▶ **Excerpted data**:
============================================================
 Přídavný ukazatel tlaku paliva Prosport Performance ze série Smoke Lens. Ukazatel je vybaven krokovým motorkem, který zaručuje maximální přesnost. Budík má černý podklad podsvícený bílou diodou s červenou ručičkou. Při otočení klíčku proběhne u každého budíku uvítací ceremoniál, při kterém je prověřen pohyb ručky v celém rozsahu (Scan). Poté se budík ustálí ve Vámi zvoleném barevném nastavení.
============================================================
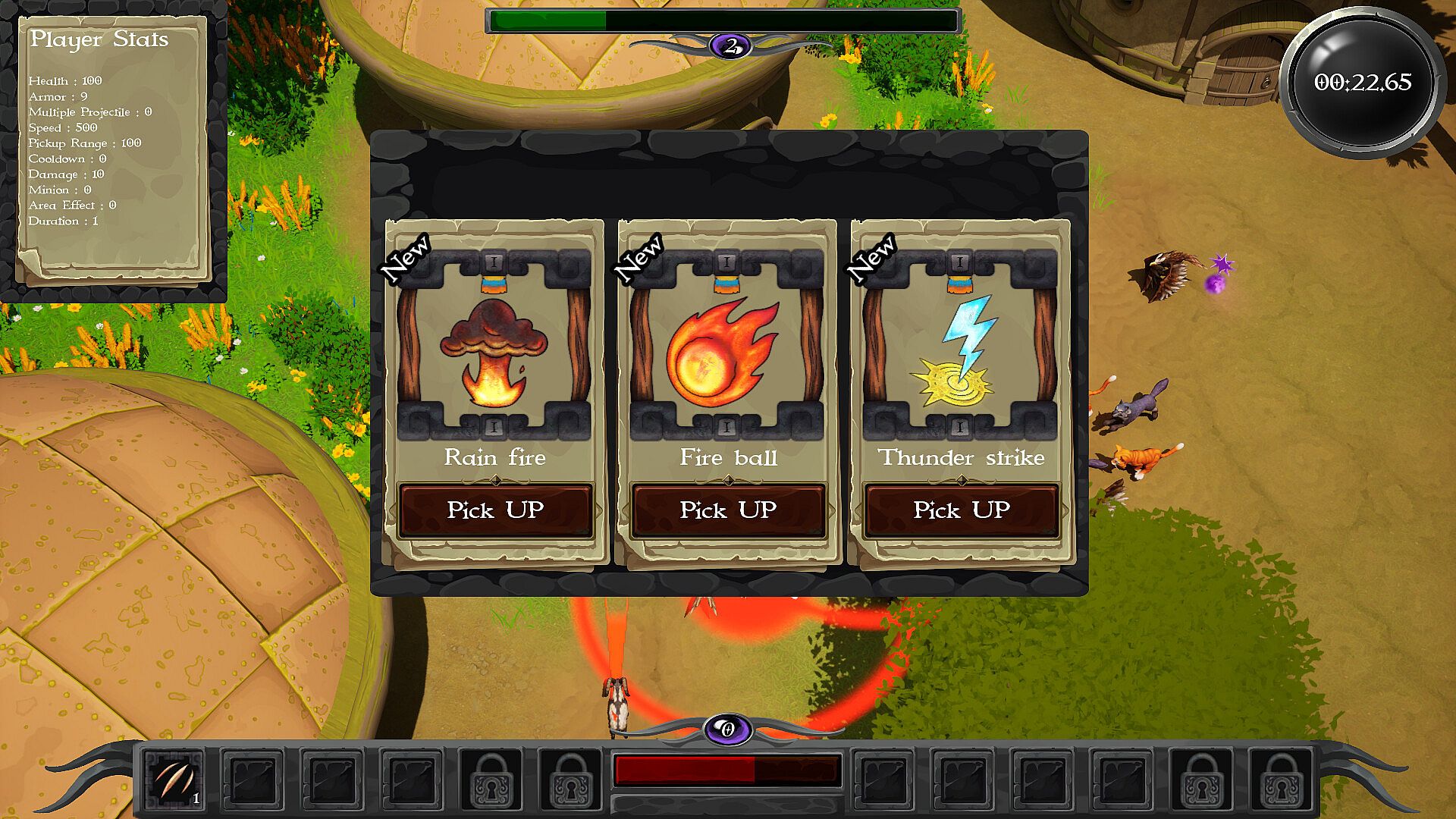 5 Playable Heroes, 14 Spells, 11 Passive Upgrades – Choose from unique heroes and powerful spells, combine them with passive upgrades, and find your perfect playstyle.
============================================================
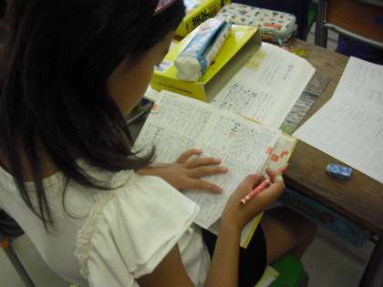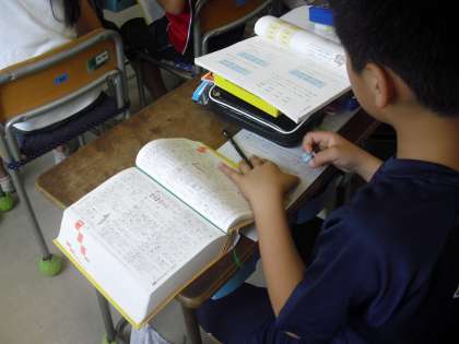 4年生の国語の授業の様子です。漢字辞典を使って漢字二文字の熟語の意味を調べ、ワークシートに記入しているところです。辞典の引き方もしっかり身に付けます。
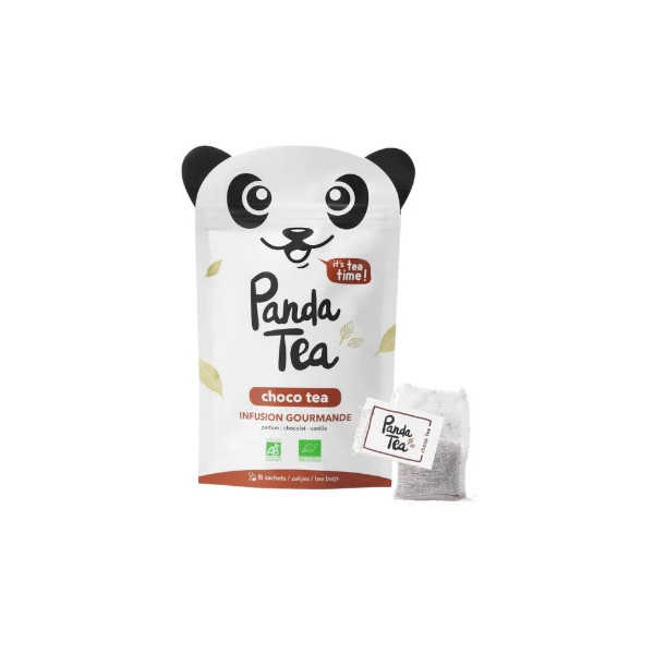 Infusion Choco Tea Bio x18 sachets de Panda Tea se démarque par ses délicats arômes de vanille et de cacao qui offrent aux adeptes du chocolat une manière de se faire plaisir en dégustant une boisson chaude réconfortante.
============================================================
▶ **Task description**:
The answer must be the lines above from the one containing "4年生の国語の授業の様子です" through the one containing "Infusion Choco Tea", reproduced exactly, with no pictures and nothing else.

▶ **Exercise answer**:
 4年生の国語の授業の様子です。漢字辞典を使って漢字二文字の熟語の意味を調べ、ワークシートに記入しているところです。辞典の引き方もしっかり身に付けます。
 Infusion Choco Tea Bio x18 sachets de Panda Tea se démarque par ses délicats arômes de vanille et de cacao qui offrent aux adeptes du chocolat une manière de se faire plaisir en dégustant une boisson chaude réconfortante.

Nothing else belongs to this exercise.